I tried the 650 and it does not lift as much as the 300 I would stay with the 300 as I saw no reason other than the cab is a bit nicer on the 650 to purchase one. just my 2 cents

www.procutfirewood.com


----------



## forestfireguy (Oct 7, 2006)

Jon,

Buy a backhoe and get it over with..........LOL.

Ed


----------



## FLC2004 (Aug 29, 2010)

forestfireguy;1083883 said:


> Jon,
> 
> Buy a backhoe and get it over with..........LOL.
> 
> Ed


LOL, Trust me Ed, i wish i could. If i had a F-650 or F-750 now to pull it, or something to use it for during the year, i'd buy a 580 super M in a second. Im planning on buying a F-750 american roll-off body with an extra container or 2 (10-15 yard) in the spring so hopefully i'll be getting into a backhoe next year.


----------



## forestfireguy (Oct 7, 2006)

Jon,

Be careful jumping into a backhoe. I was kidding. it's a big payment if you can't really work it and get a good rate. But when the time is right let me know, we just bought 2.5 yard loader and the guy has 2 backhoes, 4x4's of course that he's likely going to unload next year.

BUT on the brighter side got a court date with our buddy over on hburg tpk, end of Novemeber, so we'll see where that goes. if you get into a job where you need a backhoe this year and you don't want to use Kenny give me a call...

Ed


----------



## FLC2004 (Aug 29, 2010)

forestfireguy;1084582 said:


> Jon,
> 
> Be careful jumping into a backhoe.
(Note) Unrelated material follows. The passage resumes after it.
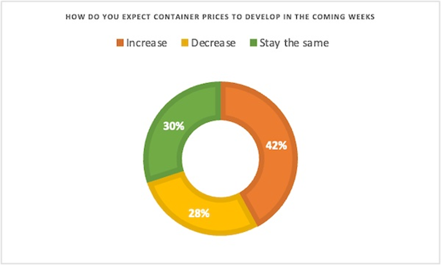 據悉,7月份接受調查的2570名供應鏈專業人士中,大多數受訪者(42%)預計集裝箱價格在短期內會上漲,這表明市場有可能改善,28%的受訪者預計集裝箱價格會進一步下跌,這表明對市場狀況有一定程度的悲觀情緒。30%的受訪者堅持認為價格將保持不變。
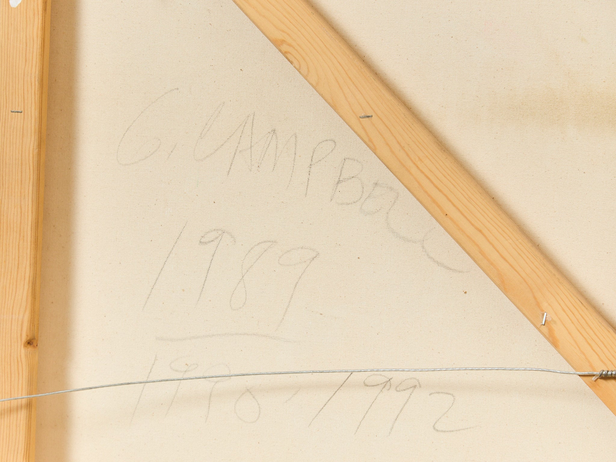 Acrylic painting of a stylized mandala in red by artist Gerald Campbell dating from the late 1980s-early 1990s. Campbell, a celebrated California artist, was well-known for his large abstracts that prompt the viewer's own interpretation.

I was kidding. it's a big payment if you can't really work it and get a good rate. But when the time is right let me know, we just bought 2.5 yard loader and the guy has 2 backhoes, 4x4's of course that he's likely going to unload next year.
> 
> ...


LOL, yeah i know, hopefully next year. Thats good you guys got a date, u know him though, don't expect to get too far, lol. So, we're actually finally ready for cleanups. We need lots of snow this year. Does it seem like the same people every year wait till the first snow flake hits the ground to mail the contracts back? I don't know about you guys but its the same 'ol story over here with the same clients that wait till the last minute with snow contracts, but they are the same ones every year and its to be expected of them but its still frustrating.


----------